Since 1996, I have worn this pink sweatshirt every summer at the beach.

this pink sweatshirt
Twenty-five years of daily wear and weekly wash from May to September has impacted the sweatshirt. It grows a new hole each season which by the next season is not only older but bigger. So each summer, before anyone has an opportunity to gently suggest it’s time for a new sweatshirt, I say:
“Don’t you just love this sweatshirt? It’s perfect. The right color, weave, texture. Honestly I cannot find a sweatshirt as good as this one.”
I had bought it at Paragon on 18th Street and Broadway and many times I’ve tried to replace it but can’t find the same brand or an equivalent-not just soft and supple but with the right weight- not so heavy that I feel I am carrying a dumbbell on my shoulders but not so light as to be pointless on a windy day.
However, last summer I knew it was my last. There were more holes than material: holes in the neck, in the shoulders, in the wrists. It even had a self made thumb hole.
And along with the sweatshirt I knew it was time to throw in a pair of white shorts I had bought in 2003 in St Jean de Luz.

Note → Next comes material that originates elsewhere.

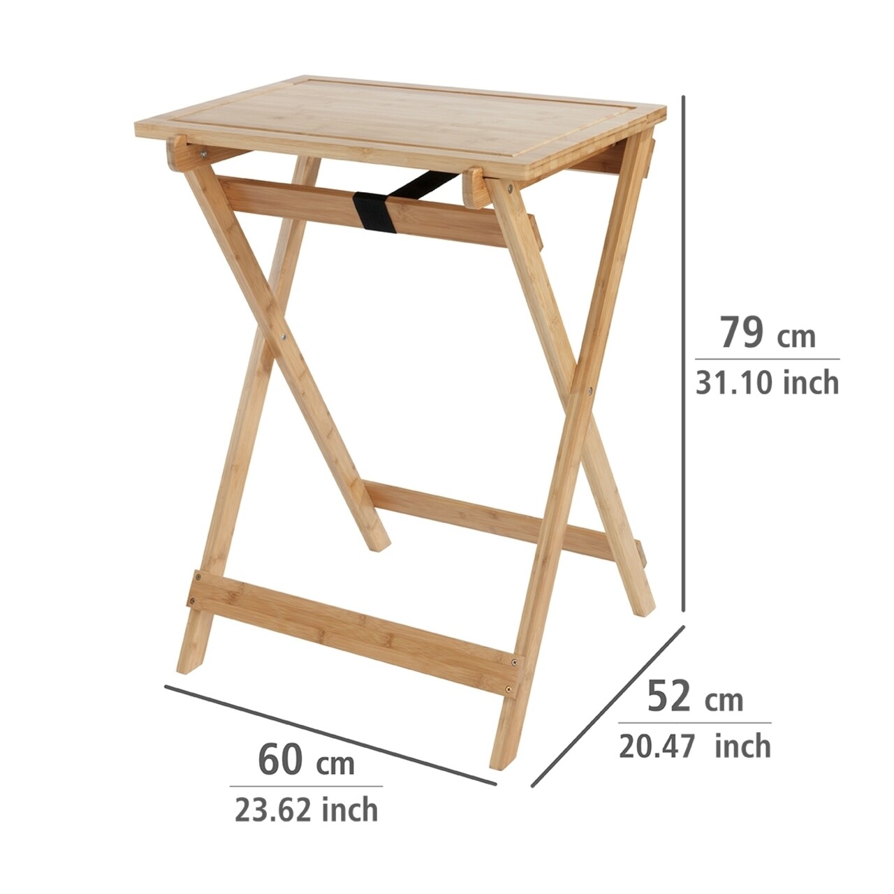 Masuta pliabila cu blat detasabil, Wenko, Lugo, 52 x 79 x 60 cm, bambus, maro

A memory of a perfect two week trip spent with my friend Lucy. I had bought them one afternoon while I was wandering through the old streets of the village. They were the best shorts ever, such soft cotton with zippered pockets on the front leg, sides and back. These shorts had traveled with me on every trip where shorts were needed. They too had withstood tons of wear and wash, but the discoloration of the white fabric, topped by the gaping hole on the right leg, was making it untenable to justify any decision to don them for any reason.
The raggedy edges of my two favorite pieces of clothing finally won. I photographed them for a new folder titled “Favorite Items to be Discarded” and then dressed them on my mannequin so they could be painted and immortalized forever, albeit with hardly enough holes. They are almost retired but have not quite made it to the waste bin.